Затем он подошел к родителям Ольги и представился им. Имя его было известно во всем околотке, и потому его приняли отлично. Мать приветливо улыбалась, отвечая ему, и Ольга с вниманием слушала, что он говорит.
В первый момент его самоуверенность удивила ее, но ей никак не приходило в голову, чтоб она могла полюбить его и чтоб он мог сделаться ее мужем; и все-таки это случилось не далее как через пять недель. В сущности, он вовсе ей не нравился, но он внушал ей какое-то уважение, а это гораздо более в глазах женщины.
Мишель учился, много путешествовал и с каким-то юмором возвращался в свое имение и в деревенскую обстановку. Он бесцеремонно отзывался об актерах, о пьесе, о всем остальном; он был в состоянии улыбаться во время самых трогательных сцен, и, видя, что Ольга плачет, он только заметил: «Меня радует, что вы не нарумянены, посмотрите на кровавые слезы наших дам». (Действительно, посреди всеобщего умиления румяны дам стекали с лица; это было жалкое, смешное зрелище.)
Губки Ольги лукаво приподнялись над ее ослепительными зубами.
– После театра, – продолжала она, – он проводил дам до кареты и попросил позволения посетить их. Он вскоре приехал и потом все чаще и чаще стал ездить в дом. У матери всегда были наготове бесчисленные извинения: то приходилось ей взглянуть на спаржу, то убрать кладовую, так что Ольга постоянно оставалась с ним наедине.
Мишель говорил тогда о чужих краях, о Германии, Италии и Франции. Он бывал в Берлине, Венеции, Флоренции и Париже, восходил на Везувий и плавал по морю. Много рассказывал он об успехах других наций, не унижая способностей и стремлений своей собственной. Благотворная ясность и теплота замечались во всем, что он говорил. Предупредительность его не знала границ.
Другие женщины находили, что он невежлив, но если Ольга роняла свой клубок, то он как молния бросался поднимать его, а раз, когда он стал перед ней на колени и надел ей теплые сапожки, то от удовольствия кровь бросилась ей в лицо. Много толков ходило на его счет. Называли его жестоким, строгим и гордым человеком, но его острый ум, большая начитанность, многосторонние познания и хорошие средства приобрели ему необыкновенный почет во всем околотке.

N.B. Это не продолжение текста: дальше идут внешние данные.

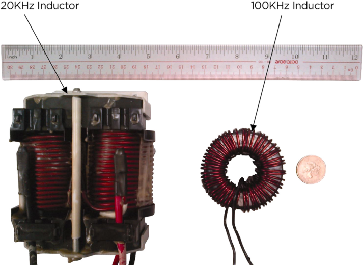 图七 Physical comparison between a 20 kHz and 100 kHz power inductor rated for 5 kW

Знали, что он ведет свое хозяйство по новой системе, что у него нет долгов, и считали его лучшей партией. Чем боязливее смотрели на него другие дамы, тем приятнее было Ольге видеть, как этот сильный и деятельный человек день и ночь был занят ею, как он страдал через нее. Она вполне удовлетворила все свое тщеславие и всю свою жестокость. Но только тогда, когда она увидела, что слезы выступили из его глаз, подала она ему руку и сказала: «Я позволяю вам поцеловать ее».

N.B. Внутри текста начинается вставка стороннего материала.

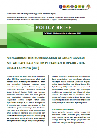 Kebakaran hutan dan lahan yang sangat masif pada tahun 2015 lalu menyadarkan semua pihak untuk mencari solusi terhadap permasalahan ini. Lahan yang mengalami kebakaran sebagian besar merupakan lahan gambut. Terkait dengan ini, Pemerintah Indonesia berinisiatif membentuk Badan Restorasi Gambut (BRG) yang bertugas melakukan pemulihan lahan dan hutan gambut yang rusakakibat kebakaran atau kesalahan pengelolaan. Sampai dengan tahun 2016 diperkirakan sebanyak 6 juta hektar lahan gambut di Indonesia telah terbakar dan sebanyak 2-3 juta hektar lahan gambut rencananya akan direstorasi. Pada tahun 2016, ditargetkan seluas 600.000 hektar lahan gambut di Indonesia akan direstorasi dan Sumatera Selatan menjadi salah satu propinsi yang jadi target untuk direstorasi. Upaya untuk restorasi lahan gambut selain dengan menjadikannya sebagai kawasan konservasi, lahan gambut juga sudah dan dapat dimanfaatkan bagi kepentingan ekonomi. Penerapan teknik budidaya pertanian terpadu melalui sistem budidaya yang dikenal dengan Bio-Cyclo-Farming (BCF) adalah salah satu upaya untuk memanfaatkan lahan gambut bagi kepentingan kesejahteraan masyarakat yang tinggal di lahan tersebut. Penerapan BCF ini diharapkan dapat mengurangi resiko kebakaran lahan karena lahan selalu terjaga dan selalu ada komiditas yang dikelola untuk pendapatan masyarakat sepanjang tahun.

На дворе была злая собака, которая кусалась и всегда заигрывала с Ольгой, а потом приходила в ярость и рвала ее платье. Она отталкивала от себя эту собаку и всякий раз била ее, пока наконец сама не полюбила ее. Так было и с ее мужем. Она так долго мучила его, что наконец сама бросилась к нему на шею, и первый поцелуй любви задрожал на ее устах.
На следующий день Мишель подъехал к нашему дому на четверке лошадей и в черном фраке; он был бледен. Через несколько минут все было кончено, и Ольга стала его невестой. Она думала, что все сделалось, как и следовало; она блистательно пристраивалась, ей завидовали.
Однажды вечером она сидела с Мишелем у открытого окна и, слушая, как он рассуждал о будущности славянского племени, шила какой-то предмет для своего приданого. Вдруг перед ними очутился Тубал, бледный, как привидение; глаза его выступали из своих орбит, а кровь так и лилась из его горла. Он задыхался. «Соли! Соли!» – проговорил он наконец и более ничего сказать не мог.
Ольга проворно отперла аптечку и подала ему соли. Мишель выпрыгнул из окна на помощь учителю. Тубал с жадностью и трудом глотал соль. Мишель подтащил его к ближайшей скамейке; Ольга принесла воды; мало-помалу кровотечение прекратилось. Тубал лежал с закрытыми глазами, как покойник. «Прикажите уложить его в постель, – сказал Мишель, – тут нужен доктор».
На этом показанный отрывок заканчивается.